Quote the listing below in full and exactly as written, but omit every picture.

### DATASET SECTION
========================================
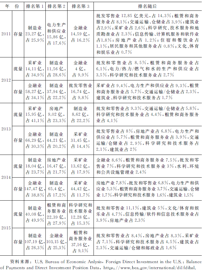 从行业来看,2011年—2015年中国对美直接投资的流量和存量中,制造业和金融业均占有较大比重,在绝大多数年份中排名位居前三。值得注意的是,科学研究和技术服务业曾经在流量和存量中占比较低,绝大多数年份低于5%。然而2015年中国对美直接投资中,科学研究和技术服务业的金额快速突破,总额达12.28 亿,占当年流量比为15.3%、位居第三。
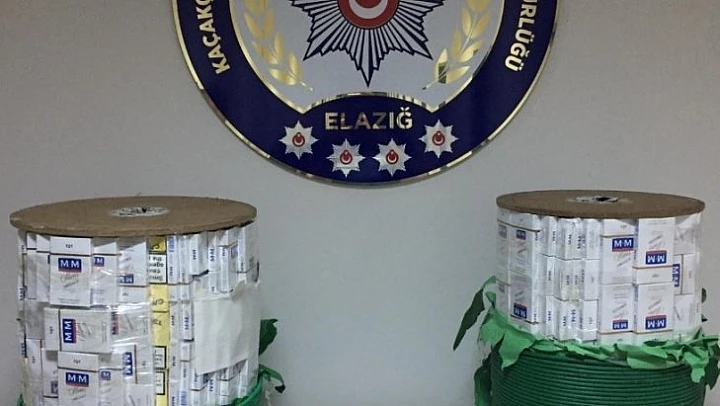 Elazığ'da polisin yaptığı çalışmada elektrik kablosu makarası arasına zulalanmış 100 karton içerisinde bin paket kaçak sigara ele geçirildi.
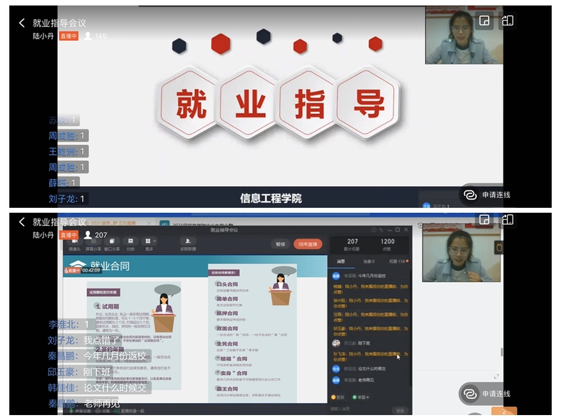为应对当前严峻就业形势,做好毕业生就业工作,加强对我院学生就业的指导与帮助,提升我院学生的就业意识,确定有效的职业发展目标,近日,信息工程学院利用钉钉平台召开2021届毕业生就业指导讲座。此次讲座由信息学院就业辅导员陆小丹主持,信息学院2021届毕业生参加了本次讲座。
========================================
### EXPECTED ANSWER
 从行业来看,2011年—2015年中国对美直接投资的流量和存量中,制造业和金融业均占有较大比重,在绝大多数年份中排名位居前三。值得注意的是,科学研究和技术服务业曾经在流量和存量中占比较低,绝大多数年份低于5%。然而2015年中国对美直接投资中,科学研究和技术服务业的金额快速突破,总额达12.28 亿,占当年流量比为15.3%、位居第三。
 Elazığ'da polisin yaptığı çalışmada elektrik kablosu makarası arasına zulalanmış 100 karton içerisinde bin paket kaçak sigara ele geçirildi.
为应对当前严峻就业形势,做好毕业生就业工作,加强对我院学生就业的指导与帮助,提升我院学生的就业意识,确定有效的职业发展目标,近日,信息工程学院利用钉钉平台召开2021届毕业生就业指导讲座。此次讲座由信息学院就业辅导员陆小丹主持,信息学院2021届毕业生参加了本次讲座。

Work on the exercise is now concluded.